→ MATERIAL FOR THE TASK:
○ ○ ○ ○
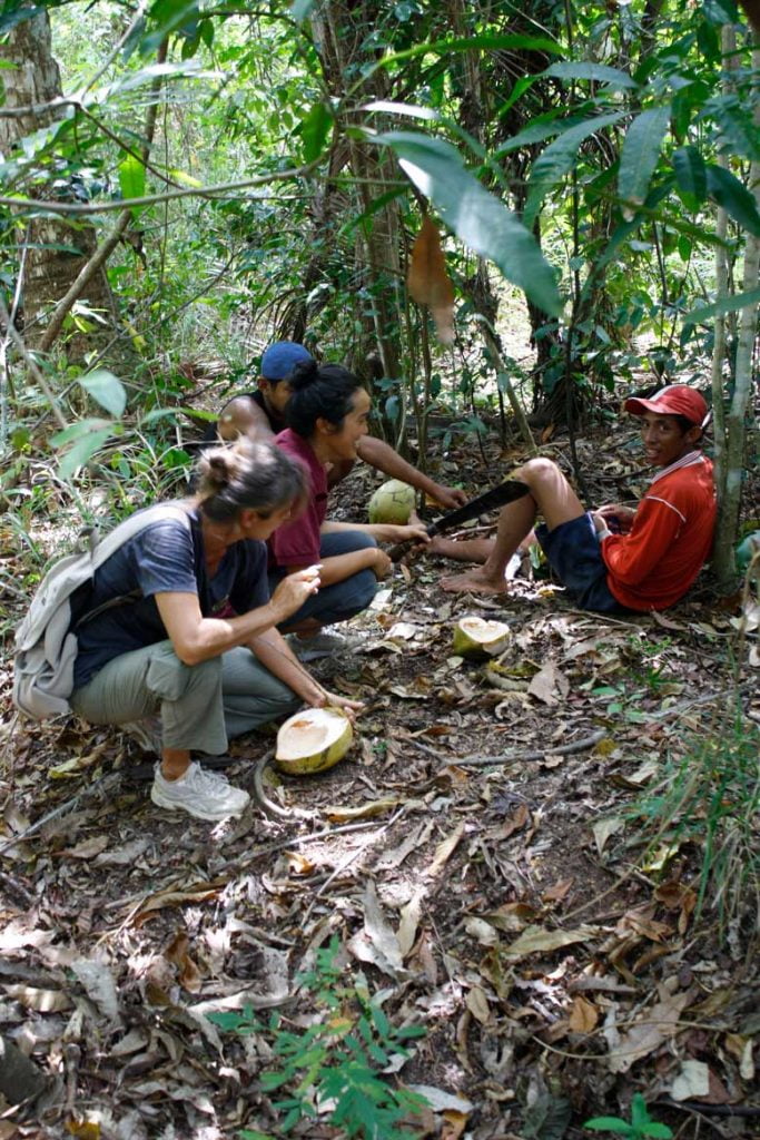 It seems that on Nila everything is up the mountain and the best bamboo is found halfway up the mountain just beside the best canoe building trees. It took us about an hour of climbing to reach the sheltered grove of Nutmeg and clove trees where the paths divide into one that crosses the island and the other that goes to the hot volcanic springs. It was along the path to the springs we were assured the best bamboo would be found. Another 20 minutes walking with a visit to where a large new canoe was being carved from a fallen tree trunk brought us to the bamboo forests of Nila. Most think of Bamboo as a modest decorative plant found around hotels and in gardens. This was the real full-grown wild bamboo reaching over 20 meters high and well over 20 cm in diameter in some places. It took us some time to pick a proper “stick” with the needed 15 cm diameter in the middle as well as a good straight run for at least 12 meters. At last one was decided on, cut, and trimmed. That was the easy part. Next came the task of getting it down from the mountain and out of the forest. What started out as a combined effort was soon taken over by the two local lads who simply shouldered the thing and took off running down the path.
○ ○ ○ ○
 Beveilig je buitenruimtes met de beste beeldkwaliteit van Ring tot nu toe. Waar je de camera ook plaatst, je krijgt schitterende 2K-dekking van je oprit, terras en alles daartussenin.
○ ○ ○ ○
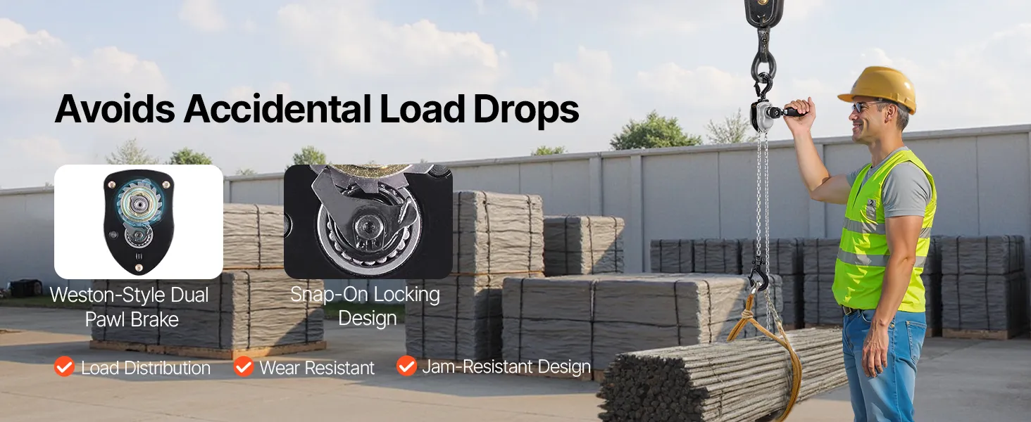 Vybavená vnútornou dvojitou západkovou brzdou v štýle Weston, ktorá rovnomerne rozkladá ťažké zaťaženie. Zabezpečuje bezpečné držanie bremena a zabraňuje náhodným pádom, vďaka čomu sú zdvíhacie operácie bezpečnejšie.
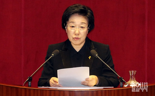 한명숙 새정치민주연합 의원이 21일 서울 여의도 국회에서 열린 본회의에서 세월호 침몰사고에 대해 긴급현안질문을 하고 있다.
○ ○ ○ ○
→ WHAT THIS TASK INVOLVES: Take the material above and output only the lines from the one that contains "Vybavená vnútornou dvojitou" through the one that contains "한명숙 새정치민주연합 의원이", ends included and images left out.

→ SOLUTION:
 Vybavená vnútornou dvojitou západkovou brzdou v štýle Weston, ktorá rovnomerne rozkladá ťažké zaťaženie. Zabezpečuje bezpečné držanie bremena a zabraňuje náhodným pádom, vďaka čomu sú zdvíhacie operácie bezpečnejšie.
 한명숙 새정치민주연합 의원이 21일 서울 여의도 국회에서 열린 본회의에서 세월호 침몰사고에 대해 긴급현안질문을 하고 있다.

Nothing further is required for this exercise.